If you don’t have a custom onboarding flow within your app, this can be the chance to build it. This can let you design exactly what the pages/screen should say and remove any distractions.

Removing commitment filters

Commitment filters are steps where users have to commit before continuing forward. Examples include asking for credit cards, identification, phone numbers, etc. A typical example here is to stop asking for a credit card before providing a free trial. However, keep in mind that some of these filters lower conversion rate but they tend to correlate with higher long-term metrics like retention and revenue.

Optimizing traffic sources

Finally, you can work on optimizing your traffic sources, which means removing any traffic sources with low-quality conversions and doubling down on the high-quality traffic. I include this last since this is typically the responsibility of the marketing team while the onboarding improvements are typically the responsibility of the product team.

Tracking Onboarding Experiments Within Your Data

How you deploy your experiments will vary, but the tracking of it will be pretty consistent. Your data will consist of two things: events (actions) and user attributes. These two concepts are present in most analytics tools.

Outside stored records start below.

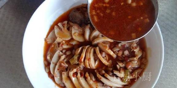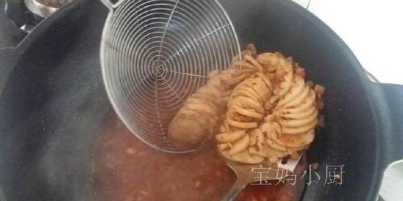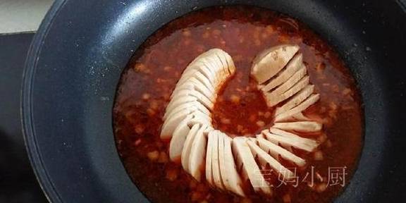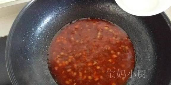 10锅中汤汁勾入水淀粉,使汤汁更浓稠,亮出红油
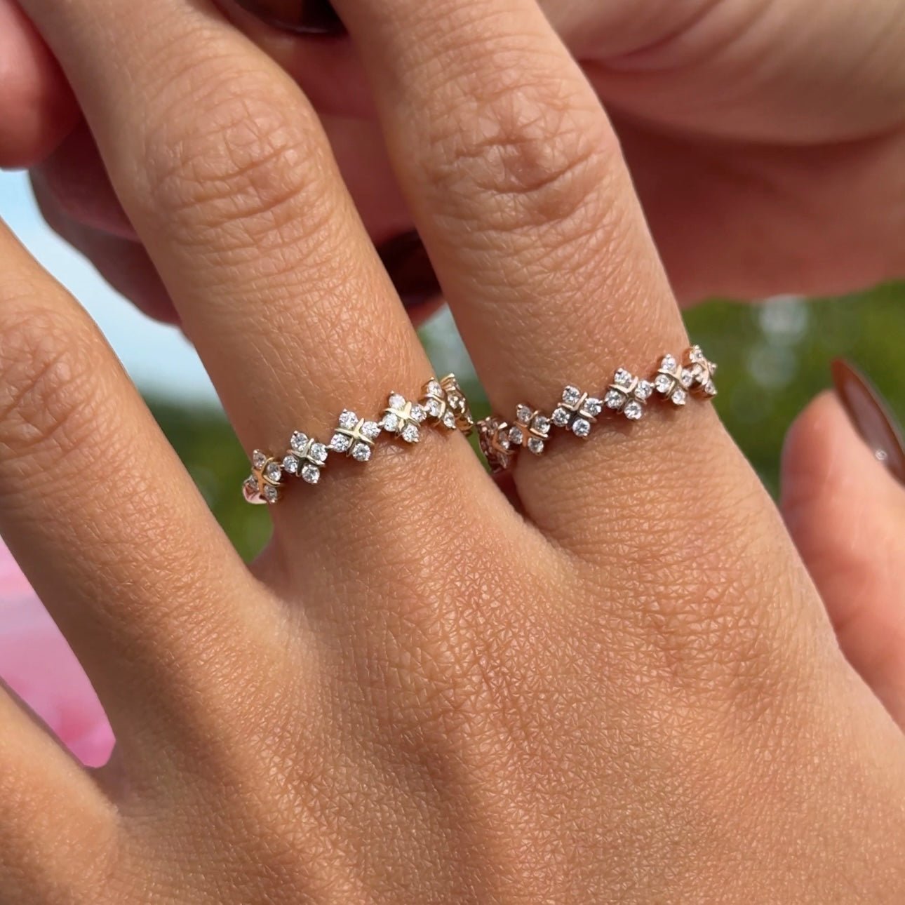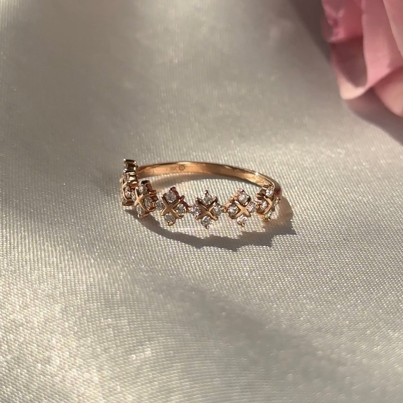Diamond Clover Criss Cross Eternity Ring in Solid 14k Rose Gold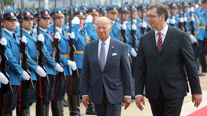 Александар Вучић и Џозеф Бајден у Београду, август 2016. (Фото: Коца Сулејмановић/ЕПА)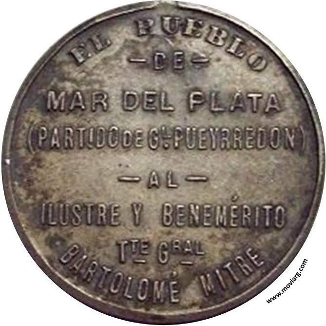 Anverso: 1821 26 DE JUNIO 1901. Firma: B. Y R. Reverso: EL PUEBLO / DE / MAR DEL PLATA / ( PARTIDO DE GL.PUEYRREDON ) / AL / ILUSTRE Y BENEMERITO / TTE. GRAL. / BARTOLOME MITRE Referencia: ROSA-12 (M80) | |

You then want to store experiment data within the events corresponding to the onboarding and user attributes. An event might look like this:

      • Account verified:
        • Verification Type: Email
        • A/B Experiment: 5782
        • A/B Experiment Name: No Phone Flow

We end up storing the experiment information as event properties. We can then do the same as user attributes:

      • A/B Experiments: 5782,8690, 8970, 9102
      • A/B Experiment Name: No Phone Flow, No Credit Card Flow, No Verification Flow

You’re essentially creating new segments to slice your funnel report from the first section.

Tracking your experiment data will also let you understand the long-term impact of changes. You could segment your users into a cohort analysis report to understand how retention was impacted.

The overall process for measuring your onboarding funnel is straightforward, but it takes time to get everything right. Start small and slowly build up over time. Eventually, you can have a clear understanding of your current performance and how changes are impacting metrics such as retention and churn.